Training and fitness are only one part of helping their physical condition. If you want them to really help them, then you have to start helping their diet as well. For example, you’ll have noticed that there are plenty of successful vegan athletes around today, who swear by the benefits such a diet can provide for improved athletic performance. Make sure they’re eating regular meals with all the nutritional quality they need. Then help them fight off temptation by fighting it off yourself. Don’t try to teach them the value of avoiding fatty, sugary snacks while still indulging in them yourself. Clear the cupboards of temptation and make it a team effort. Plan healthy meals with them, but go further than dictating to them. Get them involved in choosing meals and even learning the nutritional value of them. By educating them, you make it a lot easier for them to keep in control of their own diet.

Inspiring Confidence

Any sportsperson will tell you that confidence has a huge impact on how they do in their field. Inspiring confidence in the field begins with teaching them self-esteem outside of it. Helping them live a healthy life will help with teaching self-worth. But you can go beyond that. Don’t compare them to other members of the team. Focus on them as an individual and what they can provide overall. Allow for mistakes, while taking them as teaching opportunities. Make sure that their self-worth isn’t defined only by the sports they play. Don’t pressure them to practice too much, allow for other social interactions and other hobbies. Trying to pigeonhole them into only one interest will soon cause them to start hating it and their involvement in it.

Lessons In Teamwork

Helping them build individual self-esteem is important. But so is teaching them the importance of teamwork. They need to have respect out there for the people depending on them and the people they depend on. Even in solo sports like boxing or wrestling, they have training partners and coaches who are a big part of their results. Teach them to be a team player. Teach them to take responsibility for their mistakes, not to pass them off on the rest of them. Make sure they see the value that others provide to them and the team overall. Sites like www.healthline.com/health/teaching-your-child-be-team-player have even more examples of lessons. Use them to help them learn about being an even better team player.

Making Little Leaders

If your child is proving to excel, then that sense of teamwork needs to go even further. All too often, the particularly talented kids are treated like ‘stars’ by parents and even coaches. This can be to the detriment of the whole team as well as your child. Building arrogance young isn’t going to help them in later life. Instead, you can take that momentum and put it to good use. You can help them become leaders, instead. Expanding on those lessons of teamwork, help them set goals not only for themselves but for their teammates. Help them see the benefit and joy of helping someone else reach their goals, not just their own.
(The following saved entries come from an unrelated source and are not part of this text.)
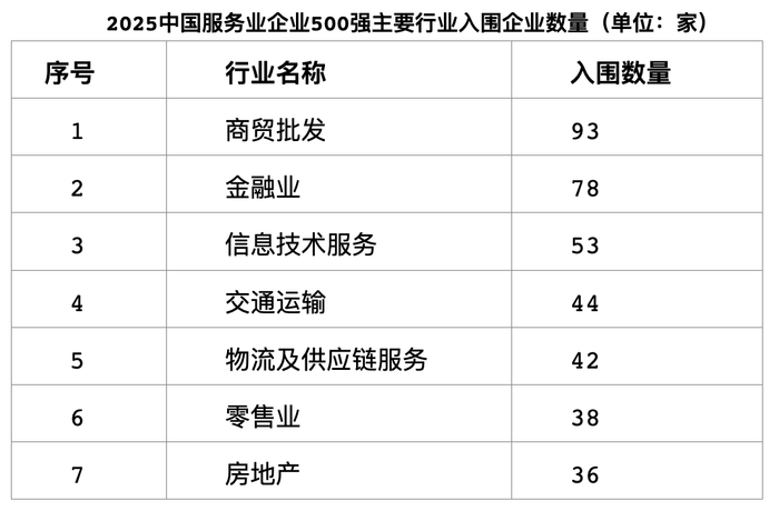 緊隨其后的還有交通運輸、物流及供應(yīng)鏈服務(wù)、零售業(yè)和房地產(chǎn),分別入圍44家、42家、38家和36家從整體結(jié)構(gòu)看,新興服務(wù)強勁崛起,傳統(tǒng)服務(wù)業(yè)穩(wěn)步轉(zhuǎn)型,服務(wù)業(yè)發(fā)展結(jié)構(gòu)不斷優(yōu)化2021-2025中國服務(wù)業(yè)企業(yè)500強中,傳統(tǒng)零售、房地產(chǎn)等領(lǐng)域深化調(diào)整,入圍數(shù)量分別減少11家和20家;物流及供應(yīng)鏈、互聯(lián)網(wǎng)及信息技術(shù)服務(wù)等現(xiàn)代新興服務(wù)業(yè)蓬勃發(fā)展,入圍數(shù)量分別增加3家和19家;特別是作為數(shù)字經(jīng)濟的關(guān)鍵支撐,信息技術(shù)服務(wù)業(yè)企業(yè)入圍數(shù)量達到53家。
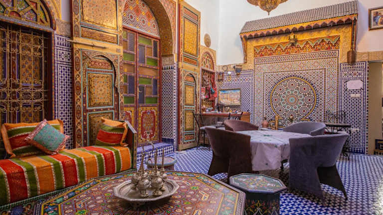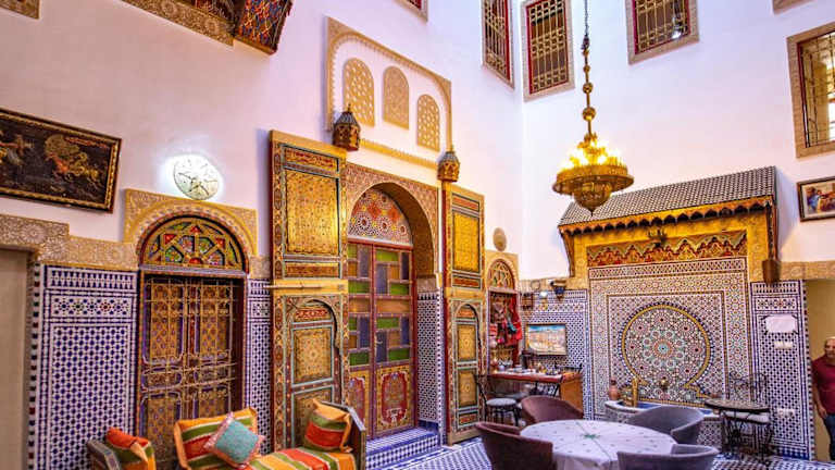 Die Unterkunft Riad Fes Hayat - Confort Stay befindet sich in Fès, im Bezirk Fes El Bali. Interessante Orte wie Batha Square, Medersa Bouanania und Bab Bou Jeloud Fes sind in der Umgebung leicht zu erreichen. Der Königspalast Fes ist weniger als 2,8 km entfernt und der Bahnhof Fes liegt in etwa 4,1 km Entfernung. Der nächstgelegene Flughafen, Flughafen Fès-Saïss, befindet sich 18 km von der Unterkunft entfernt.
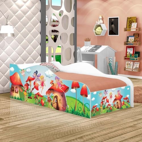 A Cama Carro Solteiro conta com adesivagem nos painéis, com design moderno e direcionado para o conforto, bem-estar e segurança da criança, conferindo um ambiente alegre, colorido e divertido.
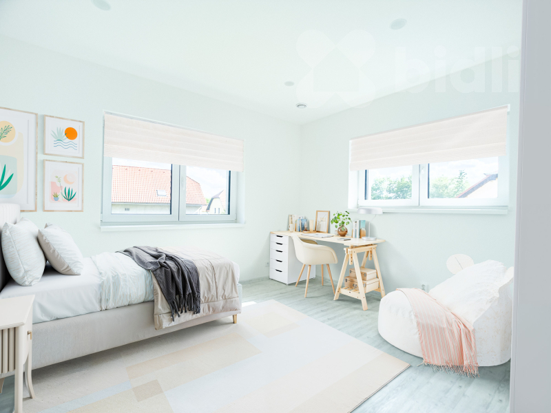 Společenské místnosti jsou situovány v přízemí domu, velkorysý prostor tu vzájemně propojuje kuchyni, jídelnu a obývací pokoj, francouzské okno navíc prostory otvírá k venkovní terase. V inzerci jsou použity vizualizace pro lepší představu o možnosti zařízení pokojů. U vstupu do domu je šatní skříň a koupelna s toaletou a sprchovým koutem a dále technická místnost. V patře jsou pak tři neprůchozí ložnice, koupelna s vanou, samostatné WC a komora. Po výsuvném schodišti je navíc přístupné podkroví domu, které lze rovněž využít.
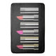 Ein lustiges Muster von bunten Lippensticks in Chromoschläuchen. Sehr mädchenhaft und modern. Sieht aus wie eine Lippenstift-City-Skyline.
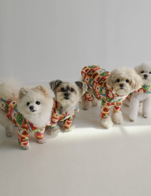 コッテアコッテ(꼬떼아꼬떼)の代表的な冬アイテム「ポンプセット」は、ペット用のジャンパー・パジャマスタイルのオールインワン・ペット用ルームパンツがセットになった商品です。
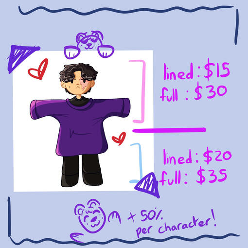 For other commissions such as LOGO DESIGN, I will charge by the hour ($25/hr).Please contact me through social media ([email protected] or through other socials)
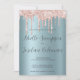 Glam teal ro guld glitter-droppskript bröllop inbjudningar
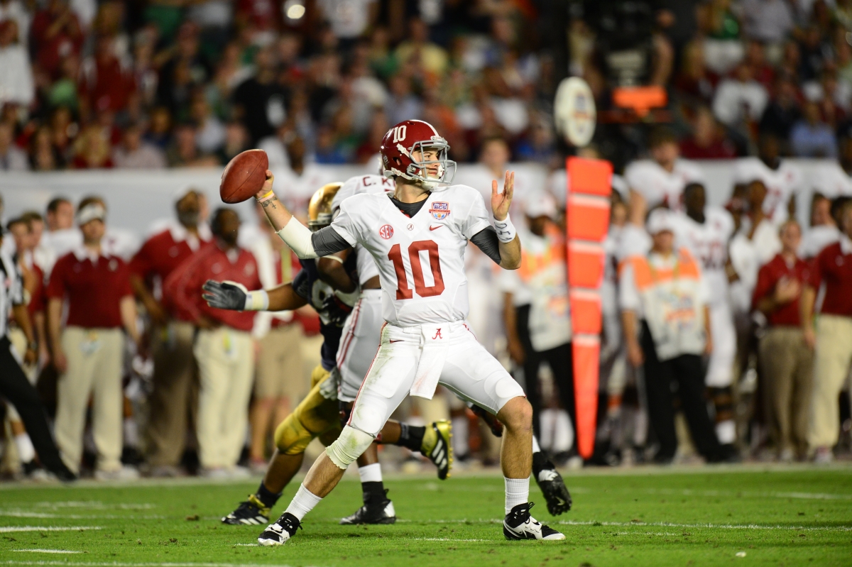 Alabama vs. Notre Dame (Jan. 7, 2013): In a battle of rich college football tradition, Alabama quarterback AJ McCarron led the Crimson Tide to a 42-14 victory over Notre Dame in the 2013 BCS National Championship as an audience of 26,380,000 million viewers watched. The victory resulted in Alabama’s second consecutive national championship and third in four years. (Phil Ellsworth/ESPN Images)

Helping Them Up After They Fall Down

Of course, we’re not assuming that your child is going to be a superstar. Even if they are, they are likely to suffer some knocks on their way up. How children cope with failure comes down a lot to the people around them. They can be under a lot of pressure to excel and feel the full weight of it if they lose. You have to help them understand that losing is all a part of the game and their growth. It’s not the end of the world. It’s okay for them to be disappointed in their performance. But there’s always another game tomorrow and an opportunity to keep learning and getting better. Don’t let your kid grow up to be a sore loser.

Your little sports star has the potential to learn a lot of lessons from sports, even if they don’t ‘make it’. Become the dad and the coach they need to get everything they can from it.